Like the Song of Solomon, Black Stars is a love song that points to something beyond the two people. The song starts with a scuttering bass line on guitar and a two-note whistle. The lyrics starts out with the contradictory image of “shining black stars.”

<>“I saw you tonight
by the light of the shining black stars that circle my heart.
I saw you come in though it was dim.”

This next line:

“I have been listening from the beginning.”

sets up a kind of cosmic meditation, of attention that has been present since when – the beginning of time? I think so. It is listening as an aspect of the universe that transcends individuals.

The next section describes a powerful encounter between two people.

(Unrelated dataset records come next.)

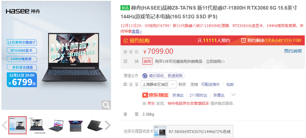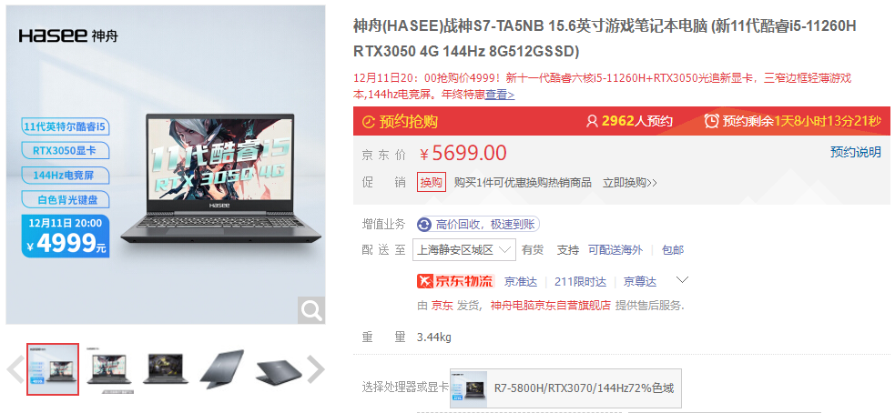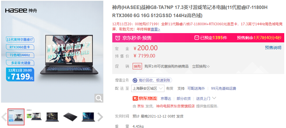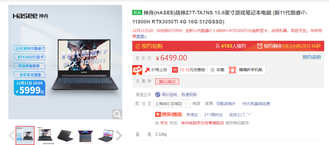 京东搜索[神舟电脑京东自营旗舰店],12月11日20:00~12日24:00开启抢购!
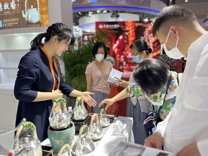 铜金蟾文化创意有限公司目前正在“跨界”拓展茶馆业态,首店即将在济南开业,并有发展连锁的长期计划。在此次展会上,铜金蟾在作为参展商同时俨然成为“买山东”的采购商:将采购吉纹斋的银壶,并定制淄博大染坊的高端真丝织锦画。“目前我们谈的是千里江山图、富春山居图,后续我们公司会根据他们的具体需求,融入他们的图案,在数量和工艺方面进行更加精细化、个性化的定制。”淄博大染坊艺术品有限公司负责人李丽告诉新黄河记者。
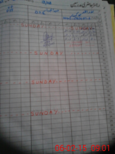 | CNIC | Full Name | Designation | R/C | Absence During Last Calender Month |
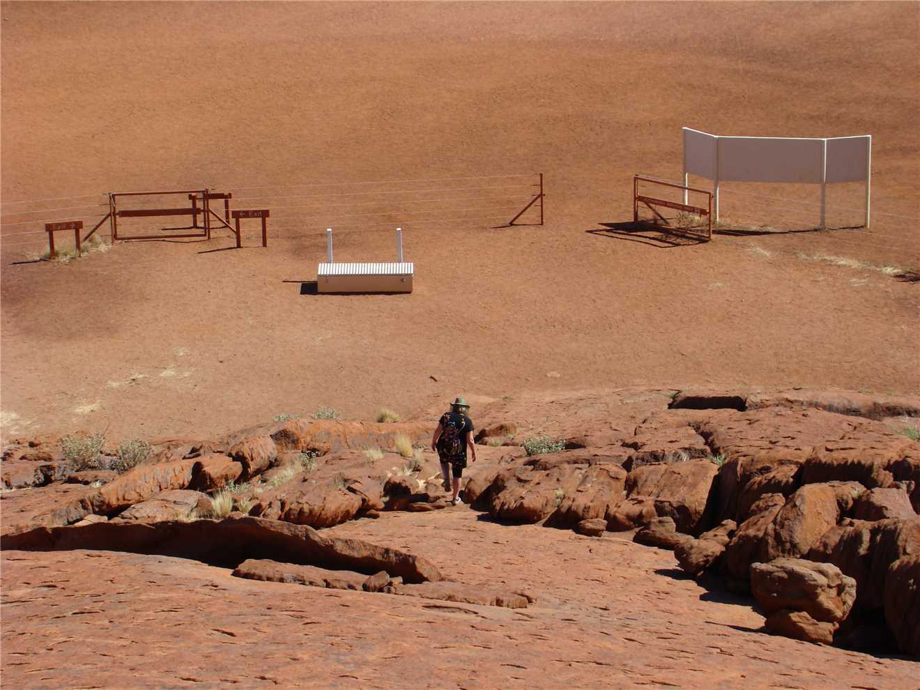 As soon as you turn left from Yulara drive, there is a bloody big rock in the distance about 20kms. We had to stop various times on the way to take photos from every possible vantage point. I think I achieved that. At the Rock, we went to the Cultural Centre and checked it out, very interesting and informative, we visited all the displays as such, the souvenir shop and the cafe. After our coffee and sandwich, we drove to the climb area. Parked the car, watched various people climbing the rock.

When they meet, everything else falls away.

<>“When you arrived
it was as if we had both died
and gone somewhere else you and my self
That otherworldly feeling came over me stealing.
My mind was reeling,
blood bleeding red like my guitar.
Whoever you are.”

Holland’s vocal line moves slowly. The melody often works within little three note groups bounded by a minor third–down a half step, up to a step above the starting pitch, back, or similar variations–although these are broken by larger intervals. The line seems to slow down even more at the lyrics about the guitar, which goes low into her vocal range. In the section that follows the melodies seem to become even more constrained:

<>“Cold in the night
I think you’re right to whisper and listen
like flowers glisten in a quiet garden.
The moon is wizened
and it is old as a toad in a Chinese story.
The fallen glory of my ego is laid at the feet of all our purposes.
And my purpose is to keep on dreaming.”

Rather than move towards complexity, this song leads towards simplification. And this brings you to the song’s key line: “the fallen glory of my ego.” The song arrives at this state of selflessness. Instead of dreams falling away, waking life falls away to reveal an essential dream state.

Holland sustains this section for 1½ minutes out of a 5 minute song, and finishes it with the ring of a bell, breaking the spell. The song ends with a recap of parts of the earlier lines that launched the encounter, although when she returns to “When you arrived” the music sounds like a new section is beginning, and the final line, on her self, is absolutely unresolved harmonically.

<>“I am fishing for wishes
That’s where you come in.
Though it was dim
When you arrived it as if we had both died and gone somewhere else,
You and myself.”

The return of the words, and the music that suggests beginning rather than ending implies an endless cycle, always heading towards the still point when the fallen glory of ego is laid at the feet of our purposes.

Many great works of time-based art – music and film – pivot on still points towards their center, when time seems to slow down and nearly stop. Most Hitchcock films reach that point. One of the effects of sonata form is to place Beethoven’s slow movements in the middle his works. Taiwan Deth brought their performance last week down to a point of a single noise puncturing silence. This is the movement of ecstasy. “Black Stars” uses constrained clusters of notes that move by small steps like chant, sometimes decorated with melismas like Middle Eastern music.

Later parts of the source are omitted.